Text-to-SQL Evaluation
Evaluate LLM-generated SQL queries using the built-in text_to_sql Turing metric, local string comparison, and execution-based validation against a live database.
Evaluate LLM-generated SQL queries using Turing metrics, local string comparison, and execution-based validation against a live database.
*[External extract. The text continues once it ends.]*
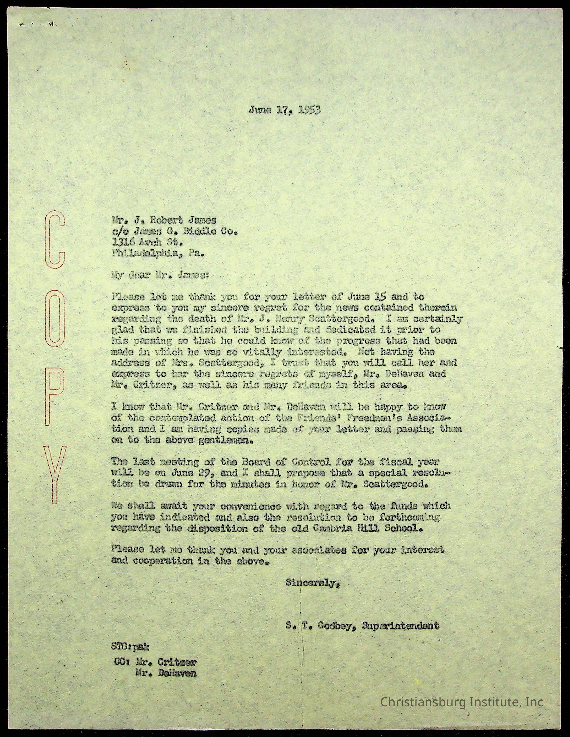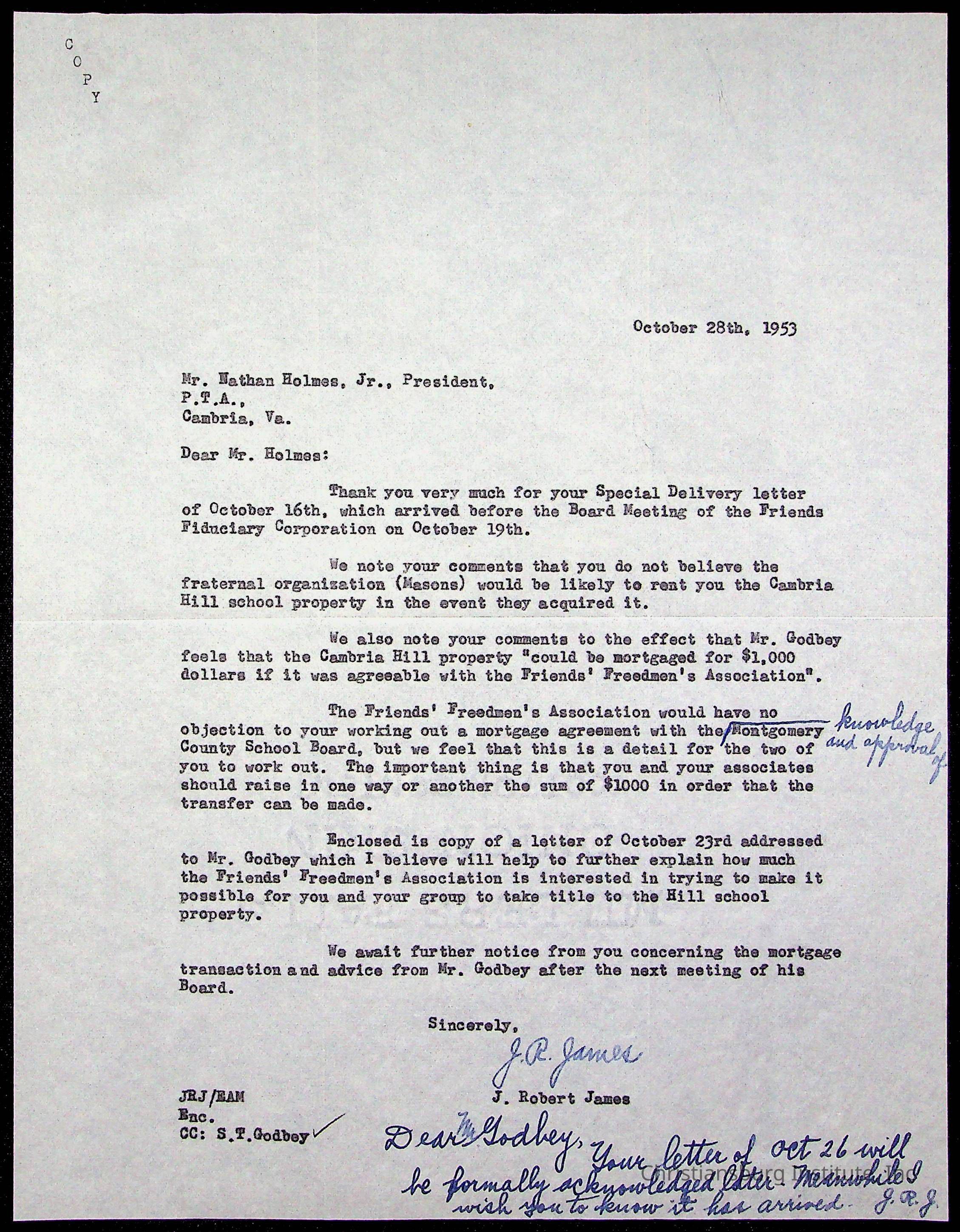 An archive of correspondence relating to Scattergood Hall at Christiansburg Institute, circa 1950s.
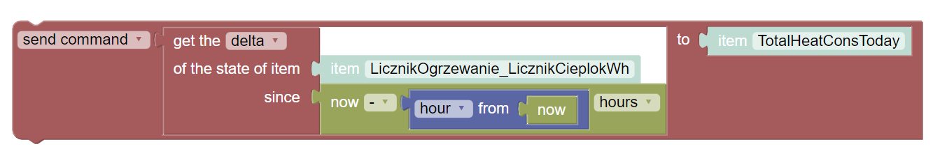 Item state is the reading from my water and heat energy meter, so each time water or heat is used the value of usage is added to the total item state. I was looking on those persistence blocks and maybe this is solution:

| Time | Difficulty | Package |
|---|---|---|
| 15 min | Intermediate | ai-evaluation |
- FutureAGI account → app.futureagi.com
- API keys:
FI_API_KEYandFI_SECRET_KEY(see Get your API keys) - Python 3.9+
Install
pip install ai-evaluation
export FI_API_KEY="your-api-key"
export FI_SECRET_KEY="your-secret-key"
Tutorial
Set up the evaluator and test database
Create an in-memory SQLite database with sample data and define a test suite of natural language questions, expected SQL, and LLM-generated SQL.
import os
import sqlite3
from fi.evals import Evaluator, evaluate
evaluator = Evaluator(
fi_api_key=os.environ["FI_API_KEY"],
fi_secret_key=os.environ["FI_SECRET_KEY"],
)
conn = sqlite3.connect(":memory:")
cursor = conn.cursor()
cursor.executescript("""
CREATE TABLE customers (
id INTEGER PRIMARY KEY,
name TEXT NOT NULL,
email TEXT NOT NULL,
city TEXT
);
CREATE TABLE orders (
id INTEGER PRIMARY KEY,
customer_id INTEGER REFERENCES customers(id),
amount REAL NOT NULL,
status TEXT NOT NULL,
created_at TEXT NOT NULL
);
INSERT INTO customers VALUES (1, 'Alice Johnson', 'alice@example.com', 'New York');
INSERT INTO customers VALUES (2, 'Bob Smith', 'bob@example.com', 'Austin');
INSERT INTO customers VALUES (3, 'Carol White', 'carol@example.com', 'Chicago');
INSERT INTO orders VALUES (1, 1, 120.00, 'completed', '2024-01-10');
INSERT INTO orders VALUES (2, 1, 80.50, 'completed', '2024-02-15');
INSERT INTO orders VALUES (3, 2, 200.00, 'pending', '2024-03-01');
INSERT INTO orders VALUES (4, 3, 55.25, 'completed', '2024-03-10');
INSERT INTO orders VALUES (5, 2, 175.00, 'cancelled', '2024-03-20');
""")
def run_sql(sql: str) -> list:
"""Execute SQL and return sorted rows for deterministic comparison."""
try:
cursor.execute(sql)
return sorted(cursor.fetchall())
except Exception as e:
return [("ERROR", str(e))]
test_cases = [
{
"question": "Get all customer names",
"expected_sql": "SELECT name FROM customers;",
"generated_sql": "SELECT name FROM customers;",
},
{
"question": "Find completed orders",
"expected_sql": "SELECT * FROM orders WHERE status = 'completed';",
"generated_sql": "SELECT * FROM orders WHERE status='completed';",
},
{
"question": "Total spend per customer",
"expected_sql": "SELECT customer_id, SUM(amount) AS total FROM orders GROUP BY customer_id;",
"generated_sql": "SELECT customer_id, SUM(amount) FROM orders GROUP BY customer_id;",
},
{
"question": "Customers who placed completed orders",
"expected_sql": "SELECT name FROM customers WHERE id IN (SELECT customer_id FROM orders WHERE status = 'completed');",
"generated_sql": "SELECT DISTINCT c.name FROM customers c JOIN orders o ON c.id = o.customer_id WHERE o.status = 'completed';",
},
{
"question": "Total revenue from all orders",
"expected_sql": "SELECT SUM(amount) FROM orders;",
"generated_sql": "SELECT SUM(amount) FROM orders WHERE status = 'completed';",
},
]
print(f"{len(test_cases)} test cases loaded, database ready.")Case 1 is a perfect match. Case 2 has a whitespace difference. Case 3 has an alias difference. Case 4 uses a JOIN instead of a subquery. Case 5 has a logic error: it filters to completed orders instead of summing all.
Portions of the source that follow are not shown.